Eagletac D25 AAA (XP-G2 S2, 1xAAA/10440) Review: BEAMSHOTS, RUNTIMES+


May 27, 2006


The D25 AAA is the latest 1xAAA keychain light from Eagletac. Although it uses the standard twisty interface, it does have a few surprises up its sleeve. ;) Let's see how it compares to the competition in this class.

Manufacturer Reported Specifications:
(note: as always, these are simply what the manufacturer/dealer provides – scroll down to see my actual testing results).

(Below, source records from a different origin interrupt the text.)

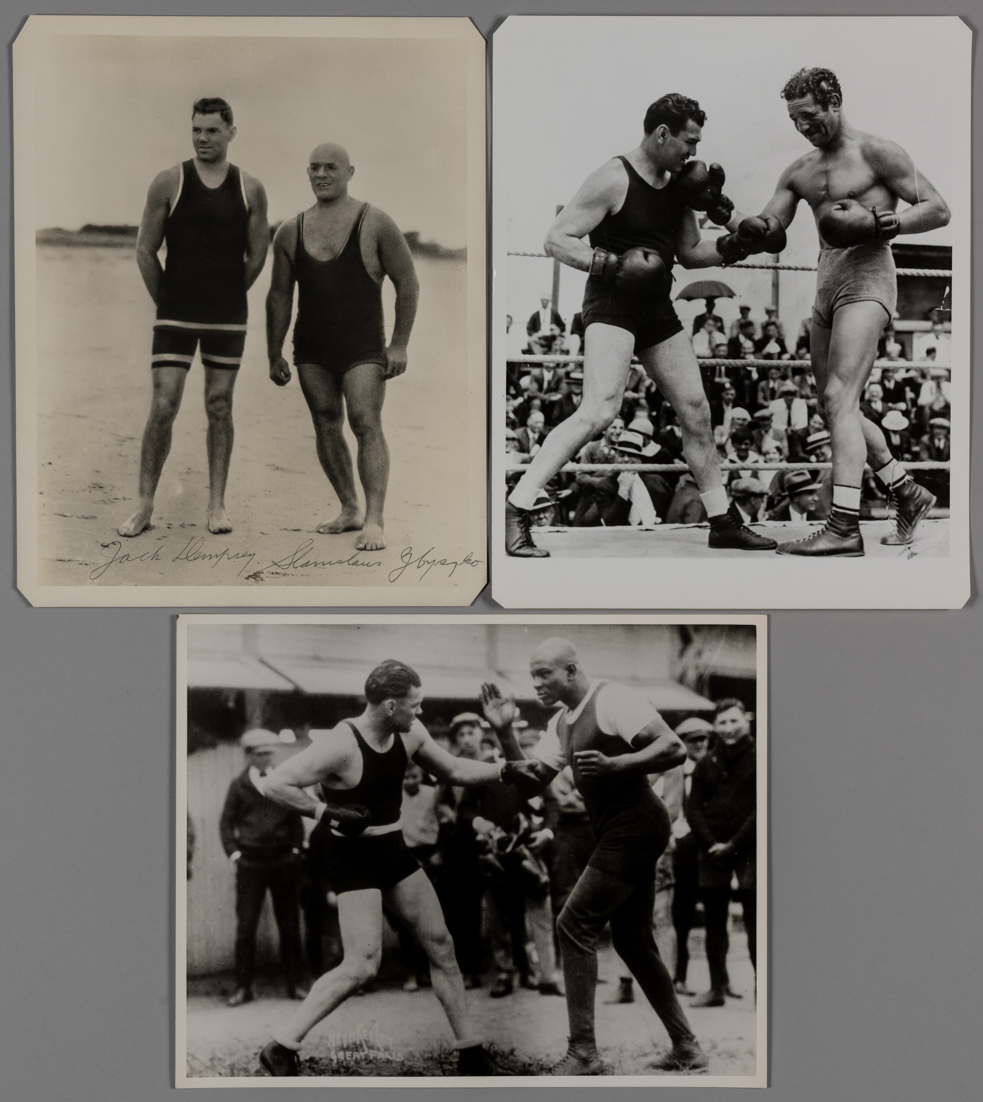 Jack Dempsey boxing photographs with opponents and sparring partners, three b&w/sepia 10 by 8in., heavyweight boxing including Dempsey and Tunney fig
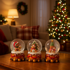 Una snow globe poetica e irresistibile: all’interno, un orso “goloso” circondato da dolcetti prende vita tra fiocchi scintillanti quando agiti la sfera, mentre il carillon meccanico diffonde una dolce melodia natalizia. Un pezzo compatto ma scenografico, perfetto per mensole, camini, tavolini o come regalo ricco di atmosfera.
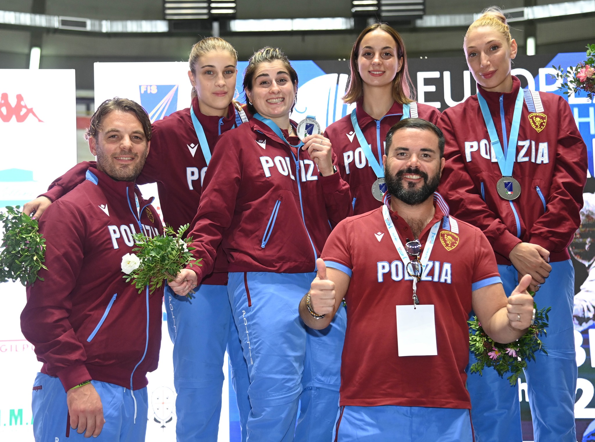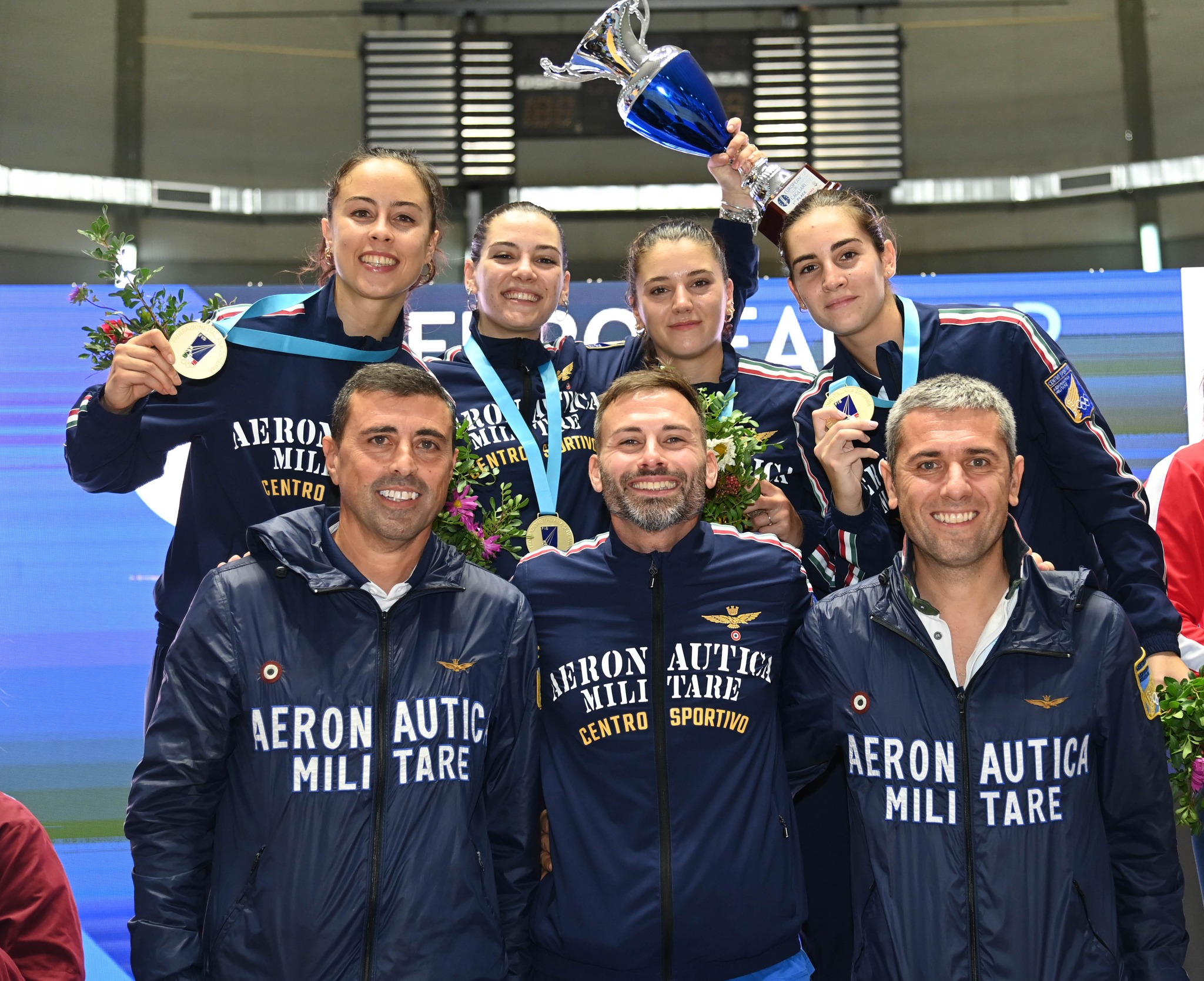 Nella sciabola femminile vince il titolo continentale la squadra dell’Aeronautica Militare formata da Michela Battiston (friulana di nascita ma ormai foggiana d’adozione, allenandosi presso il Circolo Schermistico Dauno), Alessia Di Carlo, Rebecca Gargano e Claudia Rotili, che in finale ha avuto la meglio per 45-37 in un derby tutto italiano sulle Fiamme Oro, di cui fanno parte la foggiana Martina Criscio, Sofia Ciaraglia, Eloisa Passaro e Lucia Stefanello. Nei turni precedenti le neo campionesse d’Europa avevano superato l’Olanda per 45-18 e la Bulgaria per 45-42 mentre la squadra della Polizia di Stato aveva messo in riga l’Ucraina per 45-28 e le madrilene del Club de Esgrima El Oso y El Madrono per 45-41. Medaglia di bronzo alle spagnole (45-42 alla Bulgaria).
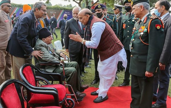 Dec 14: Raksha Mantri Shri Rajnath Singh interacted with Indian war veterans and Mukti Jodhas of Bangladesh in New Delhi on December 14, 2021, as part of Swarnim Vijay Varsh celebrations, marking 50 years of India’s historic victory in the 1971 war. The gathering comprised of 30 Mukti Jodhas, families of all four Param Vir Chakra and other awardees as well as war veterans. The Mukti Jodhas have been invited to participate in Swarnim Vijay Varsh events to honour the bravehearts who took part in the 1971 war. In his address, Shri Rajnath Singh paid rich tributes to the brave soldiers, sailors and air warriors who ensured the victory in 1971 war by making supreme sacrifice while displaying devotion to duty.
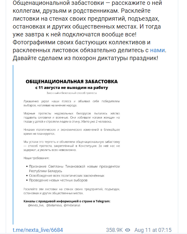 Белорусы объявили общенациональную забастовку (Telegram-канал NEXTA Live)
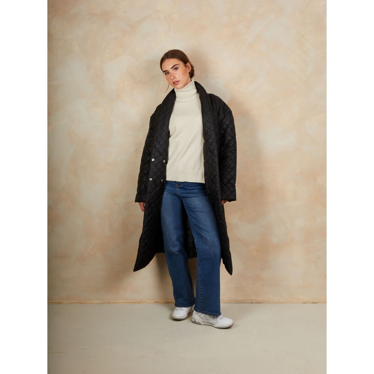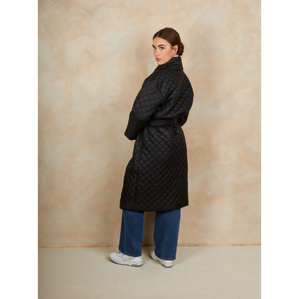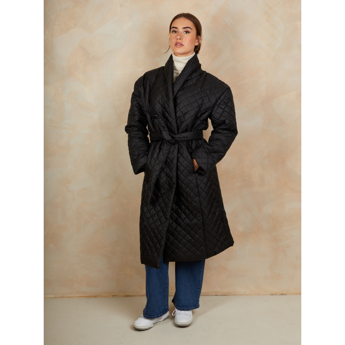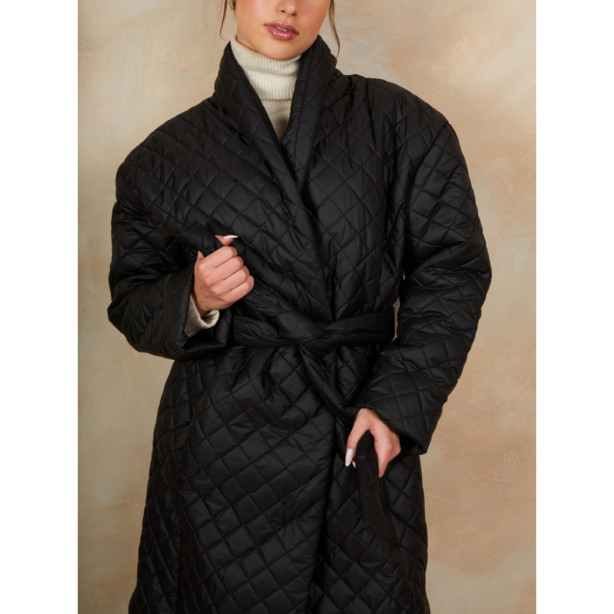 Diamond Quilted Longline Belted Coat in Black
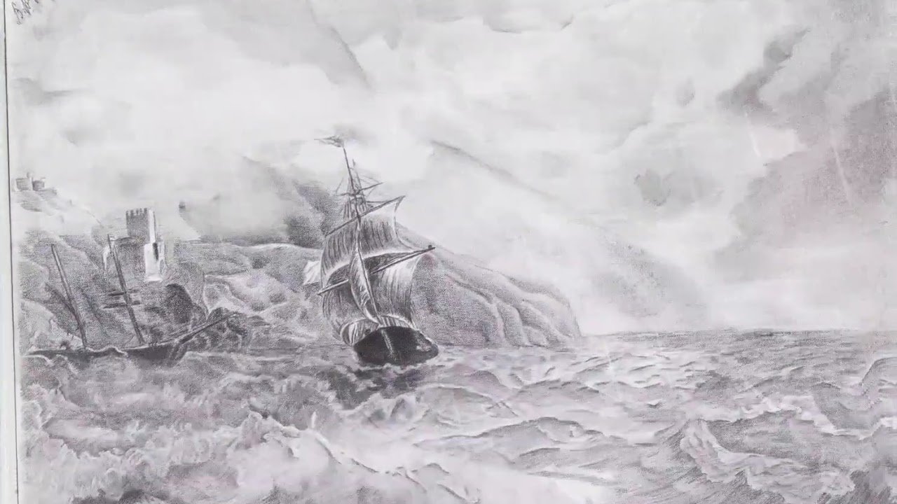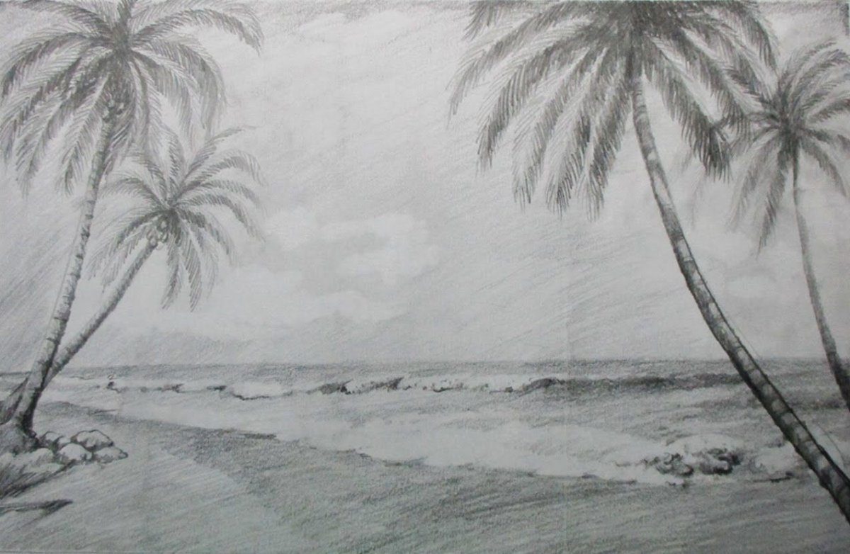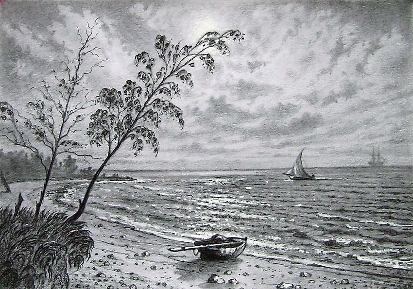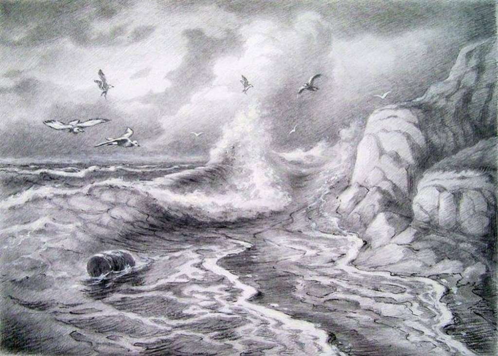 Морской пейзаж карандашом для начинающих
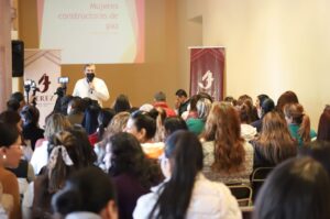 Esto durante la conferencia Mujeres Constructoras de Paz, que organizó el Instituto de la Mujer Jerezana, buscando promover la resolución de conflictos a través de valores como la justicia, libertad, equidad, solidaridad, tolerancia y respeto a la dignidad humana, evento coordinado por el Instituto de la Mujer Jerezana (INMUJE), en el que un considerable número de mujeres fueron partícipes de la conferencia impartida por el ponente Osvaldo Álvarez Crespo.
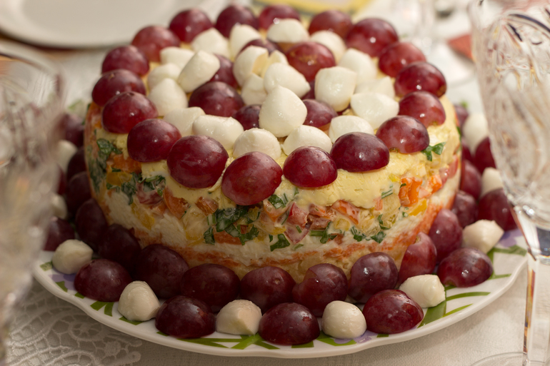 И оставляем салатна ночь, перед подачей на стол переворачиваем салат на тарелку, убираем пленку и украшаем салат половинками винограда и моцареллы. Приятного аппетита.
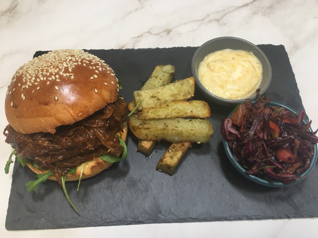 To serve, we’ve opted for some chips, slaw and a garlic mayo dip, but it’s a fairly filling dish just on its own. Of course if you think a burger bun might not be substantial enough, try this a pulled bbq brisket sandwich, served in a toasted ciabatta for an equally delicious dinner.
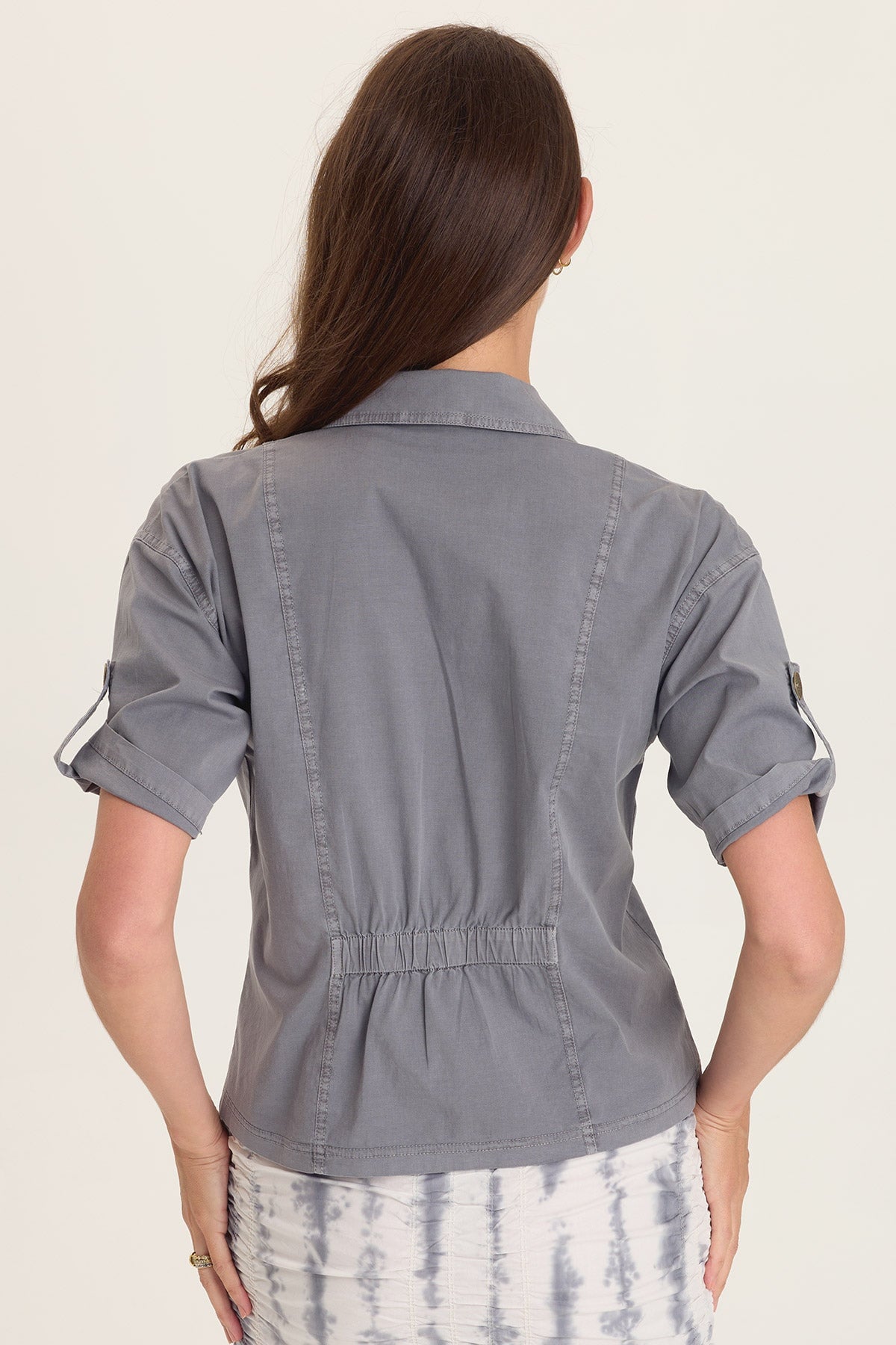 - Elastic cinched waist at back
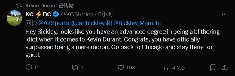 球迷三:嘿,看来你在"如何成为关于凯文-杜兰特的胡说八道专家"这方面已经获得了高等学位。恭喜你,你正式超越了一个普通的白痴。赶紧滚回芝加哥,永远待在那儿吧。

  • LED: CREE XP-G2 Cool White S2 LED, or Nichia 219B SW45 D220 LED (CRI 92), or Edison Opto 395nm UV LED (Note: I had the XP-G2 S2 for this review)
  • ANSI FL-1 Output/Runtime: Hi 85 lumens / 0.7 hr – Mid 40 lumens / 1.3 hrs – Lo 8 lumens / 6 hr
  • XP-G2 S2 Beam Distance: 45m
  • XP-G2 S2 Beam Intensity: 500cd
  • Nichia 219B Beam Distance: 32m
  • Nichia 219B Beam Intensity: 250cd
  • 1xAAA or 1x10440
  • Operating voltage: 0.8V - 4.2V
  • Supports 1.2V NiMH, 1.5V alkaline, 1.5V(1.7V) lithium, 3.7V li-ion
  • Compatible battery (diameter/length) AAA: (10-10.5mm/44-45mm)
  • Battery with protruded bottom top required
  • High switching frequency (1MHz) controller for more compact circuitry design
  • Circuit: Low internal resistance design offers up to 90% efficiency
  • Non-dimming constant current regulation for all output levels
  • Zero standby current
  • Supports output dimming with li-ion battery
  • Allows LED direct drive with li-ion battery at high mode
  • Reflector: Optical grade acrylic TIR optics
  • Material: HAIII hard anodization aerospace aluminum
  • Strong rare earth magnet installed at the tailcap (grey color coated)
  • Battery reverse polarity protection
  • Ultra low internal resistance phosphor bronze springs (silver coated)
  • Warranty: Ten years performance guaranteed warranty, Read flashlight regular maintenance
  • Dimensions: Head Dia. 0.55 inches (14 mm), Body Dia. 0.5 inches (13 mm), Length:
    2.7 inches (70 mm)
  • Weight 0.4 ounces (13 grams)
  • Waterproof: IPX-8
  • Package Contents: D25AAA flashlight, Spare o-rings, User Manual, Stainless steel clip, Strong rare earth magnet (grey color coated)
  • MSRP: ~$29

Packaging is pretty basic, consistent with this class. Outside of the box has the usual detailed specs. Inside, you get the light and standard extras – extra o-rings, pocket clip (attached), manual, and product inserts.

You'll note the wide range of emitters available. This review of the XP-G2 S2, specifically.




From left to right: Panasonic Eneloop Pro NiMH AAA; Eagletac D25 AAA; Thrunite Ti; Fenix LD02; Olight i3S (2014); L3 Illumination L08.

All dimensions directly measured, and given with no batteries installed (and without keychain ring, where removable):

Eagletac D25 AAA (with clip): Weight: 13.4g, Length: 69.8mm, Width (bezel): 14.1mm
Fenix LD02 (with clip): Weight: 16.5g, Length: 76.9mm, Width (bezel): 14.4mm
Fenix E99Ti: Weight: 18.7g, Length: 66.1mm, Width (bezel): 14.1mm
Foursevens Preon P0: Weight 13.0g (with keychain clip), Length 55.0mm, Width 12.6mm (bezel)
Foursevens Preon P1: Weight 15.3g (with keychain clip), Length 75.6mm, Width 14.0mm (bezel)
Klarus Mi X6: Weight 16.2g, Length 72.9mm (battery installed), Width 12.8mm
L3 Illumination L08: Weight: 22.4g, Length: 77.8mm, Width (bezel): 17.0mm
Lumintop Worm Aluminum: Weight: 14.3g, Length 72.0mm (battery installed, off), Width 14.1mm (bezel)
Olight i3 (2013/14): Weight 12.3g, Length: 69.3mm, Width (bezel): 14.0mm
Thrunite Ti3: Weight: 11.5g, Length: 69.9mm, Width (bezel): 13.6mm
Titanium Innovations Illuminati Aluminum: Weight 13.9g (with keychain clip), Length 68.8mm, Width 14.0mm (bezel)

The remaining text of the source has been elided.